Recently, the Indian government has become increasingly strict in reviewing China’s funds. Since 2020, India has been conducting tax and security issue reviews on mobile phone manufacturers, construction companies, application software, etc. The Chinese media commented that this powerful blow had been “unparalleled” since Chinese companies have been doing business in India.

According to China’s Caijing Eleven, at least 500 Chinese-funded companies have faced tax and legitimacy investigations in India. The newspaper said, “The scope and severity of the attack on Chinese companies has been unprecedented since Chinese companies did business in India.” According to the statistics from the Chinese commerce ministry, in 2021, direct investment of Chinese companies in financial services in India and Africa fell nearly 70% compared with the same period last year, down to $63.18 million.

The Indian government has frequently introduced restrictive measures against Chinese companies in the past two years. The first subjects to bear the burden are Internet companies. Up to 224 Chinese software have been banned in India, including Tik Tok, WeChat, etc. As a result, Chinese software almost disappeared from India. The strained relationship between China and India also caused China’s investment to “fall off the cliff.” Also, on July 22, Zhao Ming, chief executive of Huawei’s Honor handset line, told the media that the Indian judiciary is investigating Xiaomi’s tax evasion and Vivo’s money laundering incident. Since Honor, Huawei’s mobile phone subsidiary, withdrew from the market, 80% of small and medium-sized businesses in China’s mobile phone industry chain in India have been closed. Another group of companies gave up the Indian market, leaving only some companies that were finding it difficult to survive.
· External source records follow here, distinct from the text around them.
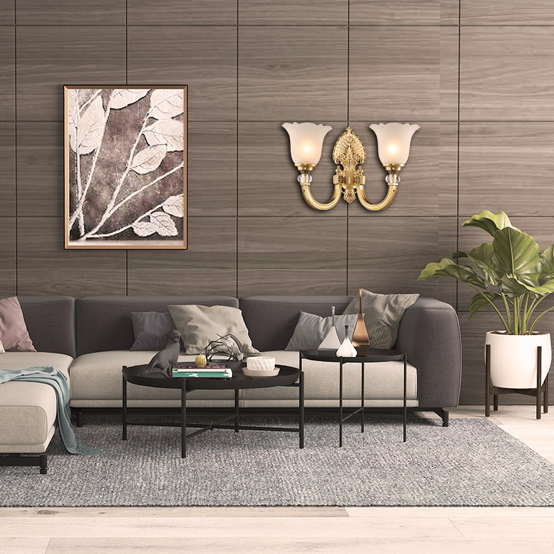 Vivolux | Bell Frosted Glass Wandlamp Fixture Vintage Stil 1/2-Head Bedside Wandlicht met Gouden Achterplaat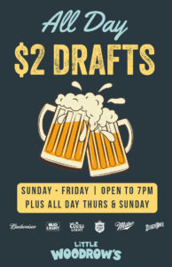 $2 Select Draft Beers | Mon – Fri | 11am – 7pm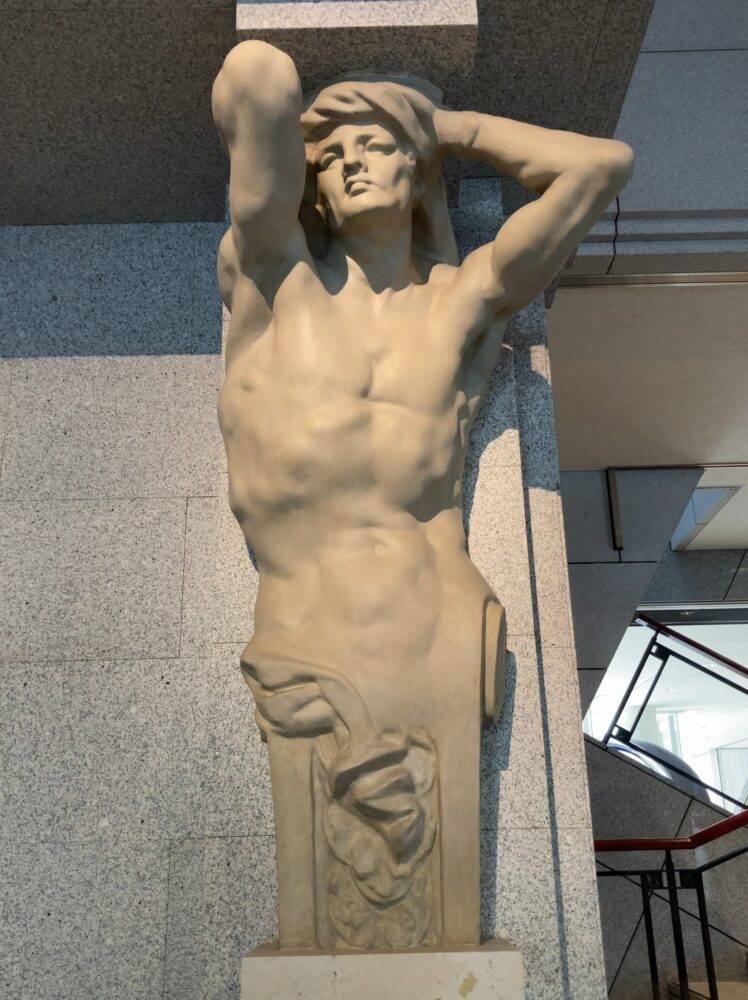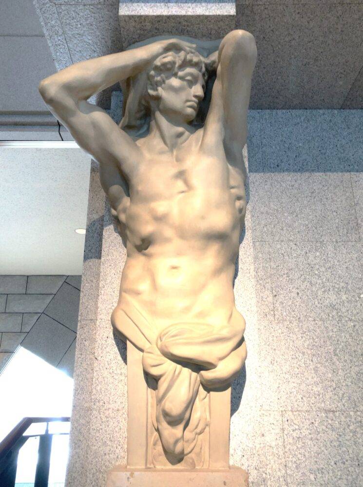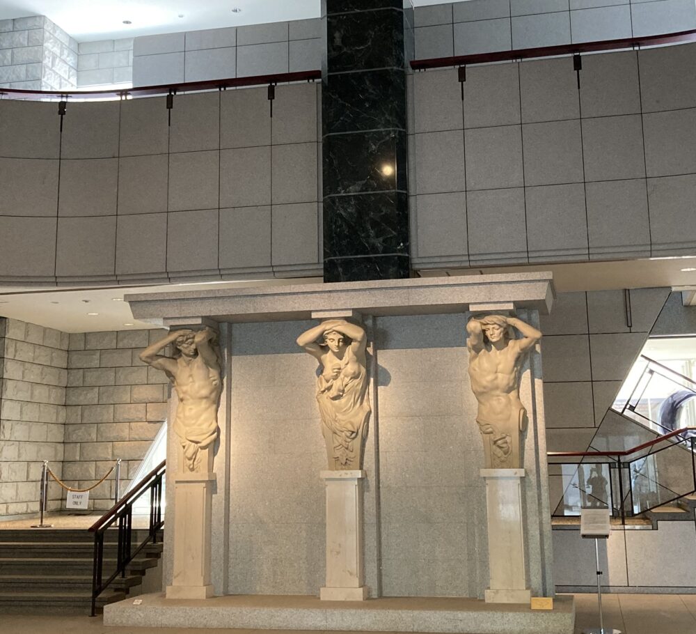 新潟県立近代美術館のエントランスに飾られる《カリアティードとアトラント》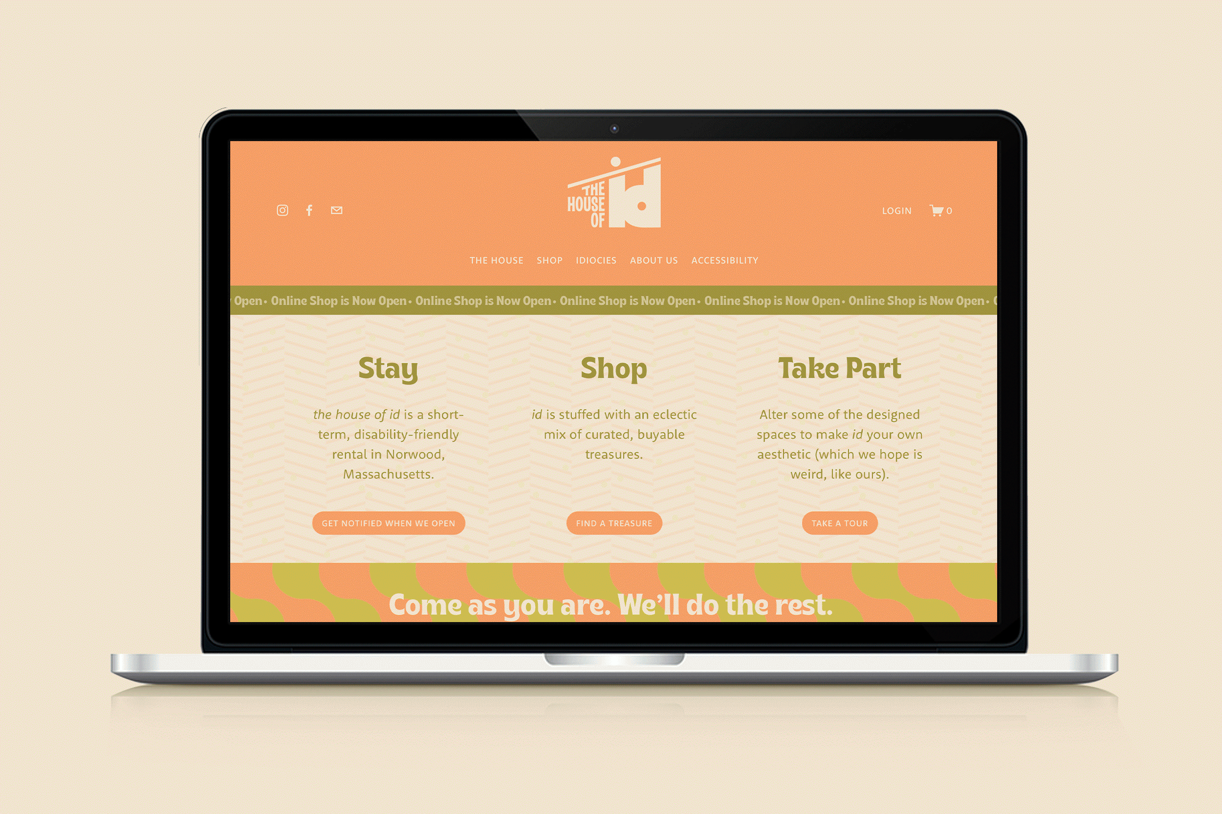 Dara & Paige needed a logo, brand and website for their new short-term, disability-friendly rental, which also doubles as an online and guest shop filled with vintage treasures. We designed a logo, brand and various print and web collateral reflective of their retro-modern aesthetic, along with a website that featured the house and online shop.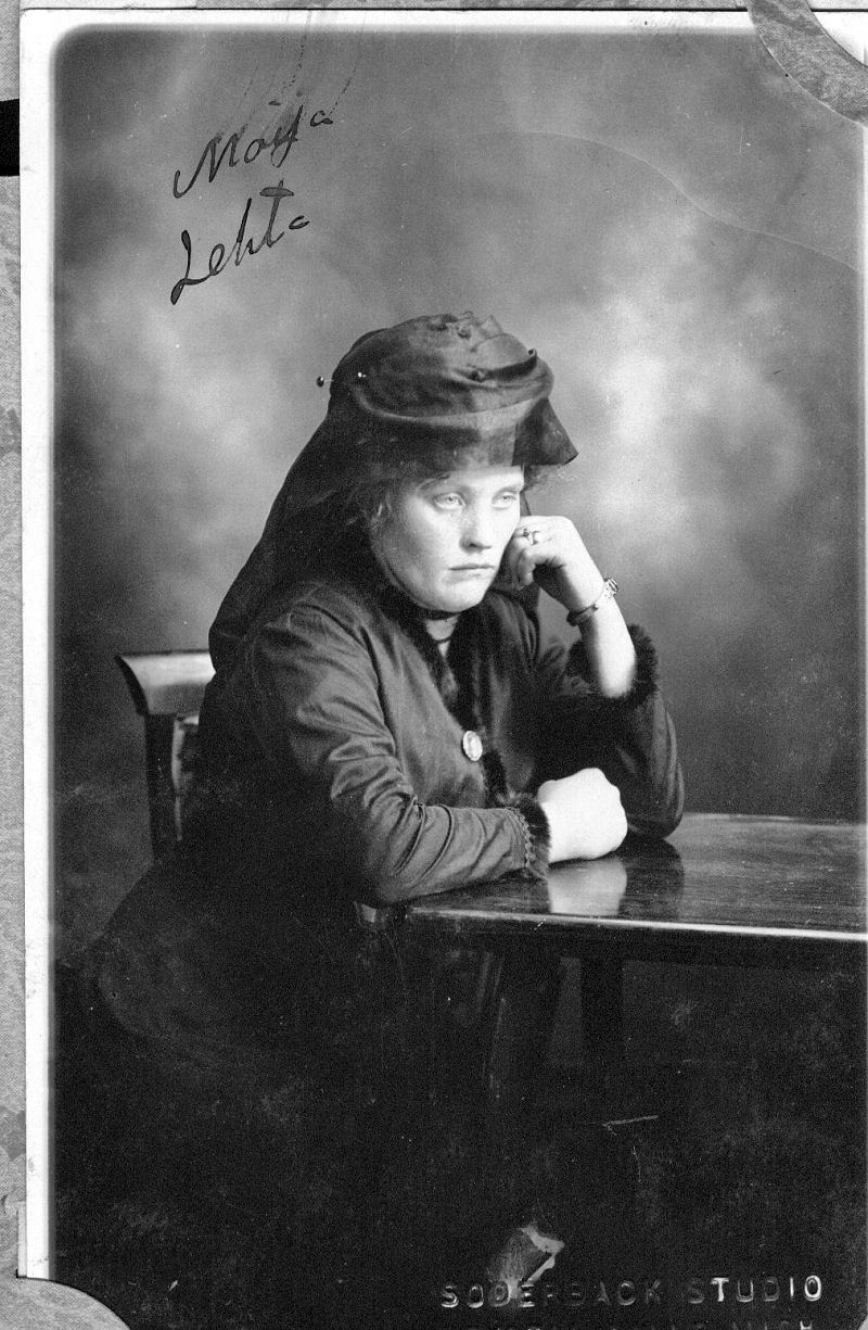 Maija Latvala (Keskinen/Lehto). Kuva otettu ensimmäisen miehen Keskisen kuoleman jälkeen Amerikassa lähetettäväksi sukulaisille Lapualle.
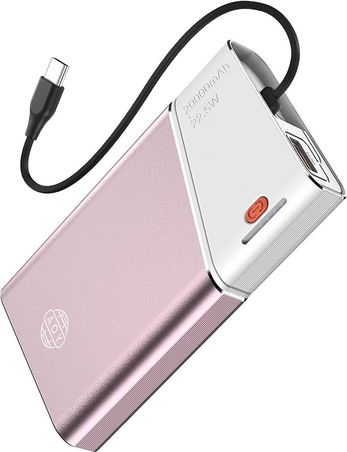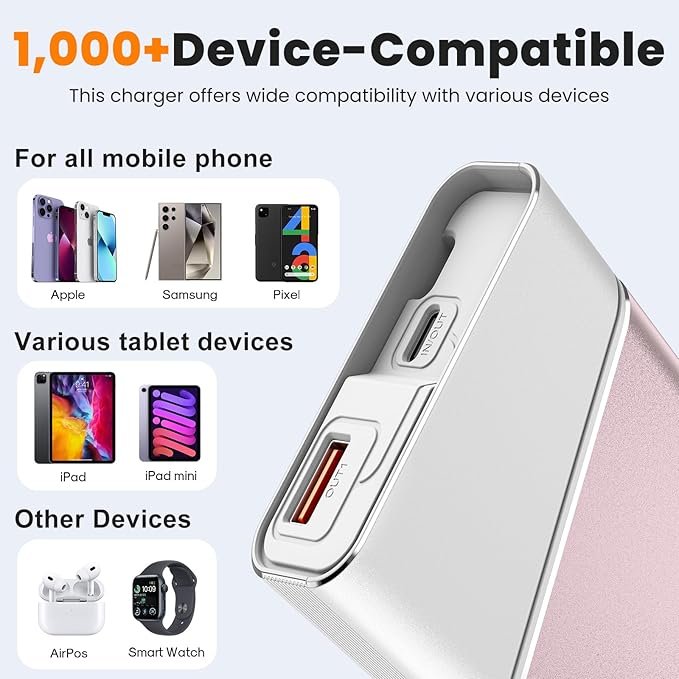 - Built-in Cable – This 20,000mAh portable charger features a built-in Type-C cable, compatible with most cellphones and laptops. This compact power bank is widely compatible with the iPhone series (iPhone, iPad, AirPods), Android devices (Samsung, Google Pixel, Realme, Oppo, Vivo, LG, Motorola), and other electronics like small fans, heating vests, and smart wearables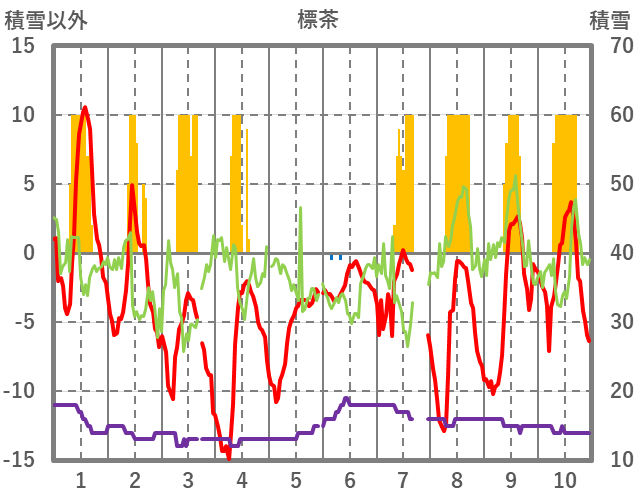 | 日 | 時 | 気温 | 降水 | 風向/風速 | 日照 | 積雪 | 降雪 |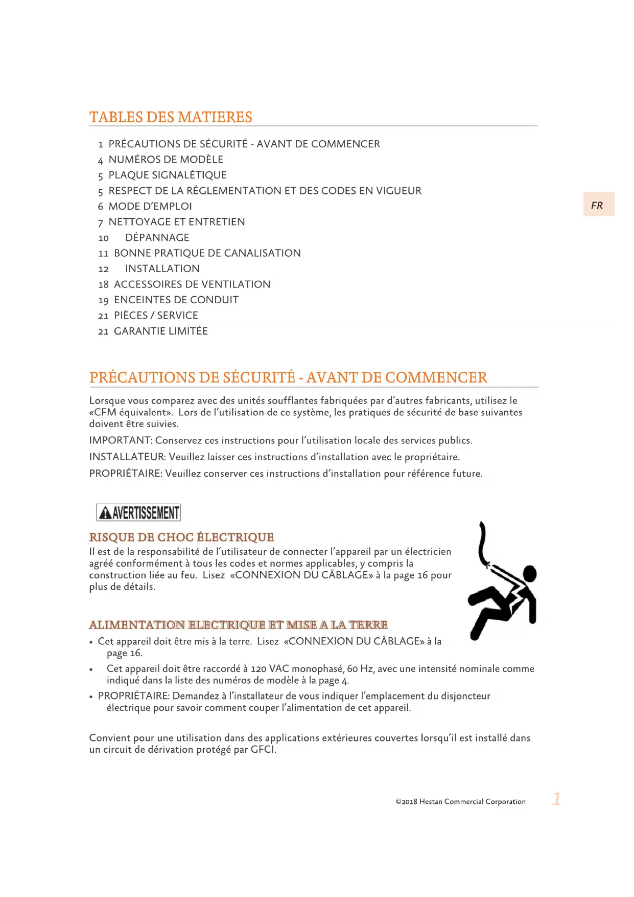 ©2018 Hestan Commercial Corporation 2d) Utilisez un extincteur UNIQUEMENT si:1) Vous savez que vous avez un extincteur de classe ABC, et vous savez déjà comment l’utiliser.2) Le feu est petit et contenu dans la zone où il a commencé.3) Le service d’incendie est appelé.4) Vous pouvez combattre le feu avec votre dos à une sortie.POUR RÉDUIRE LE RISQUE D’INCENDIE OU D’ÉLECTROCUTION, NE PAS UTILISER CE VENTILATEUR AVEC UN DISPOSITIF DE COMMANDE DE VITESSE À L’ÉTAT SOLIDE. RISQUE DE BRÛLURECe système de ventilation est conçu pour être utilisé avec des poêles ou tables de cuisson, qui peuvent devenir très chauds pendant le fonctionnement. Respectez les avertissements et les mises en garde concernant l’appareil de cuisson.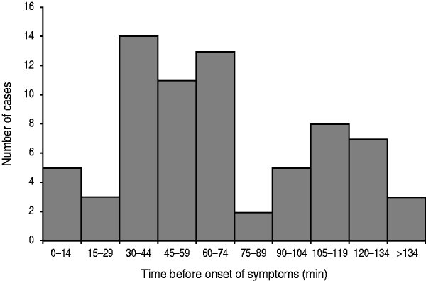 Fig. 1. Scombroid fish poisoning in Dakar (Senegal); time to onset of symptoms (n=71 cases).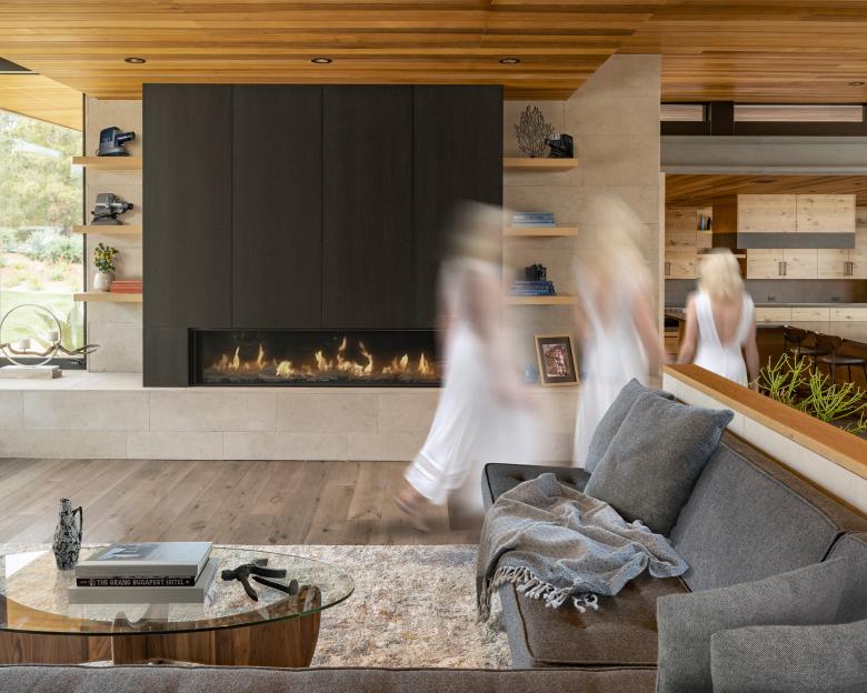 The pool terrace and adjacent open-air living room unfold onto the meadow and ultimately the arroyo below, augmenting a natural, preexisting path for animals with a minimally delineated walking loop with which to explore the site. The sensitive nature of the fire susceptible landscape, as well as the unique climate, solar, and seasonal conditions called for careful positioning of the home, as well as consideration of plant specifications and irrigation requirements.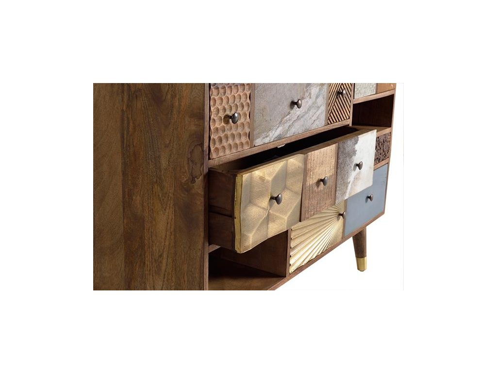 Designová komoda Daniela je elegantní a zároveň funkční nábytkový prvek, který obohatí každý moderní interiér. Vyrobená z kvalitního masivního mangového dřeva, vyniká svojí přirozenou texturou, teplým tónem a dlouhou životností. Precizně zpracované detaily a čisté linie jí dodávají současný a nadčasový vzhled, který se hodí do různých stylů bydlení – od minimalistického až po industriální. S praktickým úložným prostorem v podobě zásuvek a skříněk nabízí ideální řešení pro uskladnění oblečení, dokumentů či doplňků. Komoda Daniela je nejen praktickým kouskem, ale také designovým doplňkem, který zvýrazní charakter místnosti. Tento kousek je perfektní volbou pro ty, kteří ocení kvalitu přírodního dřeva, moderní design a trvanlivost v jednom elegantním balení.
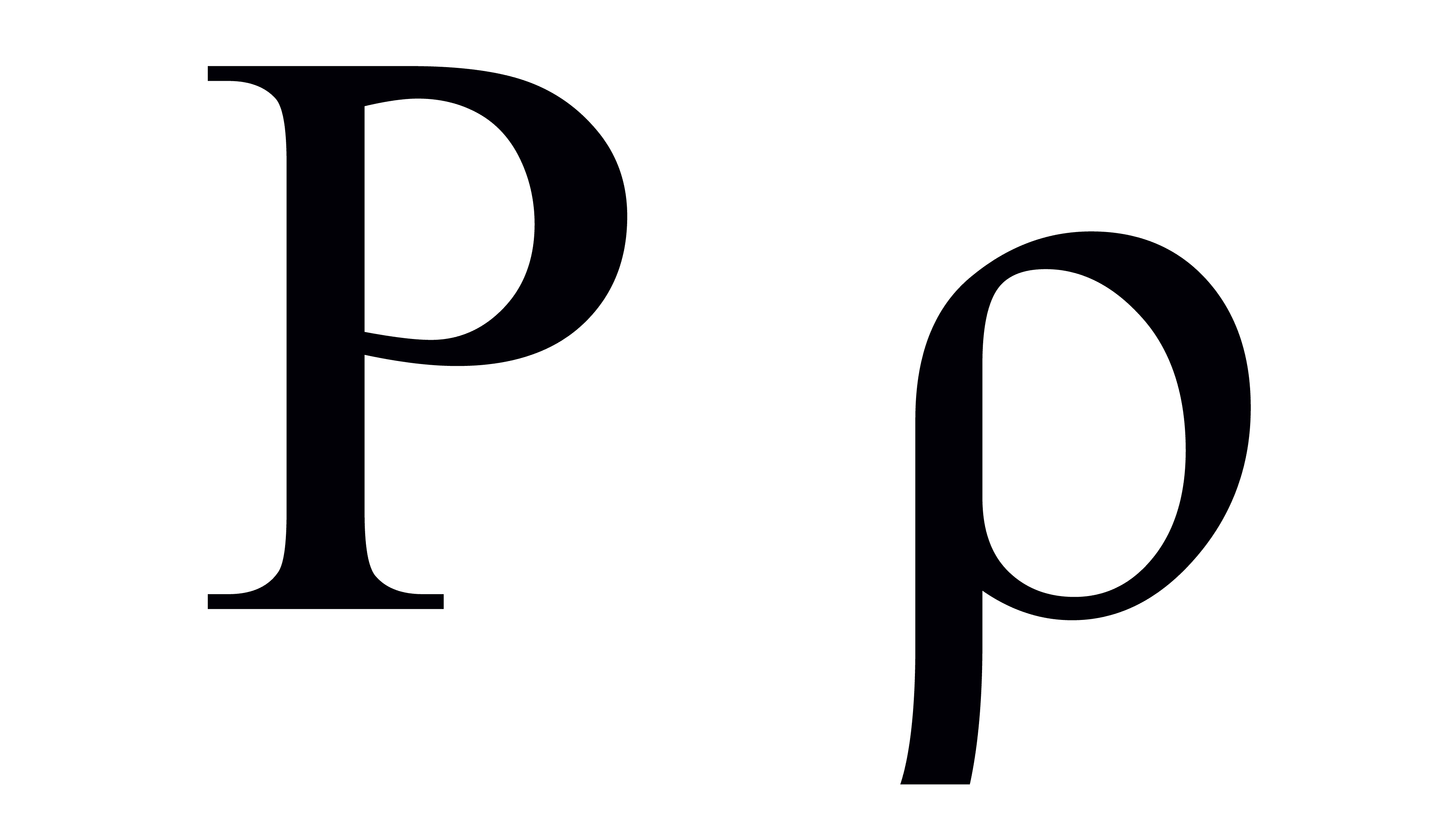 Π π – origin from the Phoenician letter “pe” (πι, pi), from which the Latin P and Cyrillic P. are derived. It conveys the sound “p”. It denotes a mathematical constant, potential energy and transition probability matrix. For example, used in the Piaggio logo.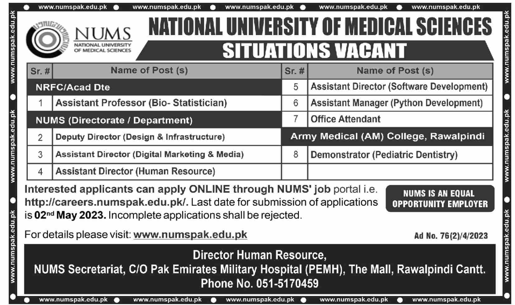 The National University of Medical Sciences (NUMS) announced the latest job positions for various posts. The advertised jobs are for the NUMS Research Facilitation Center (NFRC), Directorate Department, and AMC Rawalpindi. So, candidates looking for the latest jobs can apply for the advertised vacancies after checking the required criteria. Below, we have mentioned the complete detail about the NUMS Jobs. So interested candidates can visit the NUMS website and apply online for the position. The last date for the NUMS jobs is 02 May 2023.

According to Newtalk, the Indian government’s move is seen by outsiders as preventing excessive penetration of Chinese investment while supporting local industries and wishing to maintain good relations with the U.S.

After Biden visited Asia, the U.S. first introduced the “India-Pacific Economic Framework,” consisting of 13 founding member countries, including India. After that, the U.S. continued to hold the Quadrilateral Security Dialogue with Japan, Australia, and India. However, China also expressed dissatisfaction with this.

China’s Sina Technology reported that Gao Feng, China’s Commerce Ministry spokesman said in May this year that China was seriously concerned about the Indian government’s implementation of a series of measures to suppress Chinese companies and their products. It was causing severe damage to the rights and legitimate interests of the Chinese companies. He hopes India will improve their business environment and treat all foreign investors fairly and transparently, including Chinese companies.

Caijing Eleven said that, from March 2020, Indian Prime Minister Narendra Modi started implementing the “replacing China industry” policy. The policy includes three aspects: Industrial policy embodied by the Production Linked Incentive Plan (PLI); a global search for “alternative China” sources, and a trade policy exemplified by the signing of a new bilateral free trade agreement and a new economic policy that represented by the integration of American and Western value and innovation chains.

Among them, PLI policy is the top priority. At the beginning of the policy implementation, the India Government announced that they would use $26 billion to support the production of 14 critical industries, including semiconductors, photovoltaics, electronic apparatus, pharmaceuticals, medical devices, automobiles, etc. Most of them are heavily dependent on manufacturing in China.